◆ **TASK**
With pictures left out, output exactly the lines from the line holding "Ottima azione: la" through the end of the data, both included.

____

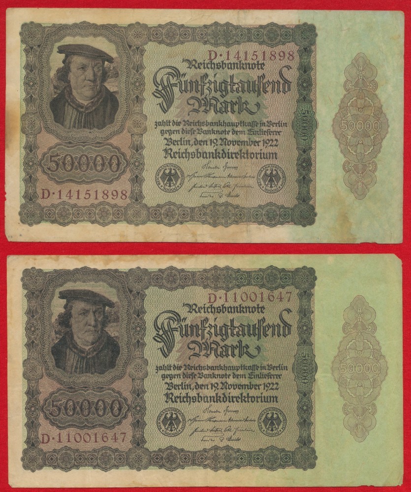 2 Reichsbanknote 50 000 Mark din 19 noiembrie 1922
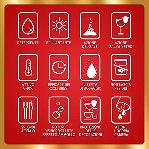 Ottima azione: la formula multifunzione del prodotto lavastoviglie offre un potere pulente adatto grazie alle sue 12 azioni: detergente, brillantante, salva vetro, ecc.
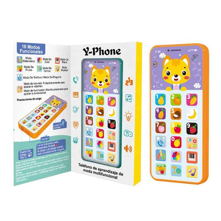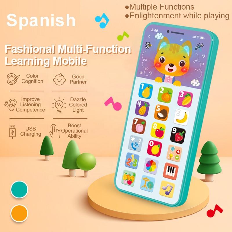 Juguete multifunción para teléfono inteligente para niños pequeños, aprendizaje de español, móvil, educativo temprano, recargable, electrónico, aprendizaje, juguete para teléfono móvil
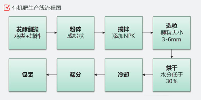 查看 > 13 2020/10本次發(fā)貨的設(shè)備是程翔重工是為江西某客戶(hù)定制的,簡(jiǎn)單的年產(chǎn)1萬(wàn)噸雞糞有機(jī)肥生產(chǎn)線,主要設(shè)備有:鏈?zhǔn)椒鬯闄C(jī)、滾筒篩分機(jī)、濕法攪齒造粒機(jī)、鏟車(chē)喂料倉(cāng)以及自動(dòng)包裝秤。改雞糞生產(chǎn)線的工作流程為:發(fā)酵——粉碎——攪拌——造粒——篩分——包裝運(yùn)輸1.發(fā)酵是第一步,畜禽糞便含有大量病蟲(chóng)卵,需要進(jìn)
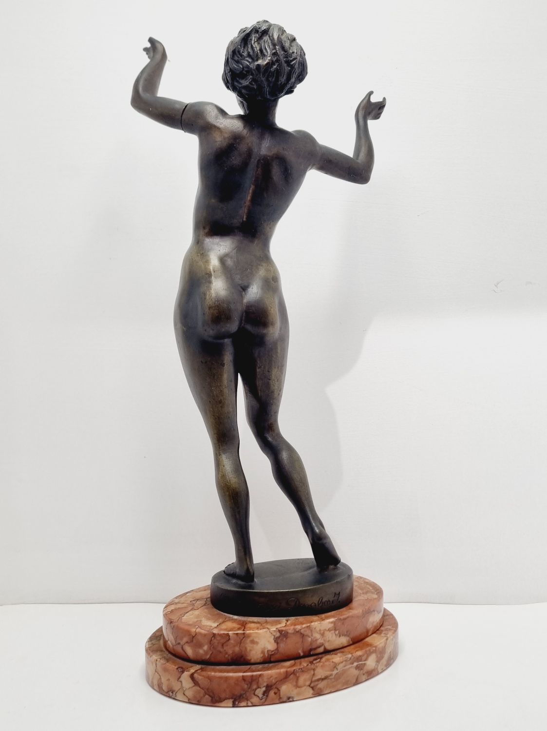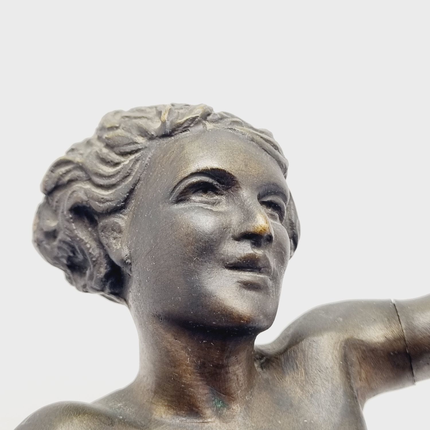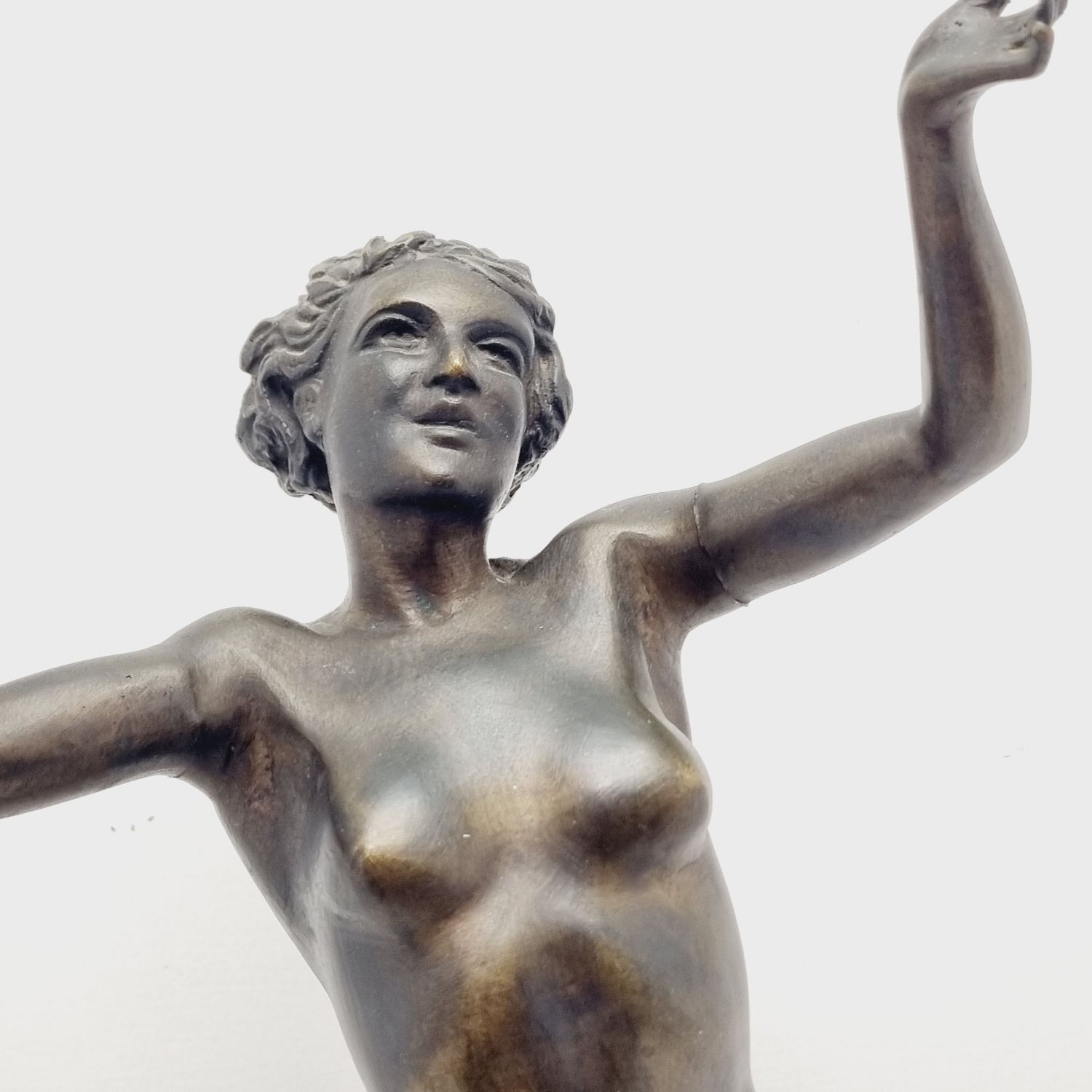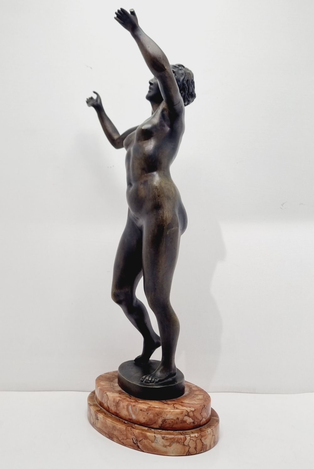 Szentgyörgyi István: Női akt bronz alkotása az 1930-as években készült. A modell múzsaként inspirálta az alkotót – allegórikusan megjelenítve ezzel -a női test szépségét. Patinás antik darab. Korának megfelelő állapotban . Méretei : 43x18x12cm

____

◆ **WRITTEN REPLY**
 Ottima azione: la formula multifunzione del prodotto lavastoviglie offre un potere pulente adatto grazie alle sue 12 azioni: detergente, brillantante, salva vetro, ecc.
 Juguete multifunción para teléfono inteligente para niños pequeños, aprendizaje de español, móvil, educativo temprano, recargable, electrónico, aprendizaje, juguete para teléfono móvil
 查看 > 13 2020/10本次發(fā)貨的設(shè)備是程翔重工是為江西某客戶(hù)定制的,簡(jiǎn)單的年產(chǎn)1萬(wàn)噸雞糞有機(jī)肥生產(chǎn)線,主要設(shè)備有:鏈?zhǔn)椒鬯闄C(jī)、滾筒篩分機(jī)、濕法攪齒造粒機(jī)、鏟車(chē)喂料倉(cāng)以及自動(dòng)包裝秤。改雞糞生產(chǎn)線的工作流程為:發(fā)酵——粉碎——攪拌——造粒——篩分——包裝運(yùn)輸1.發(fā)酵是第一步,畜禽糞便含有大量病蟲(chóng)卵,需要進(jìn)
 Szentgyörgyi István: Női akt bronz alkotása az 1930-as években készült. A modell múzsaként inspirálta az alkotót – allegórikusan megjelenítve ezzel -a női test szépségét. Patinás antik darab. Korának megfelelő állapotban . Méretei : 43x18x12cm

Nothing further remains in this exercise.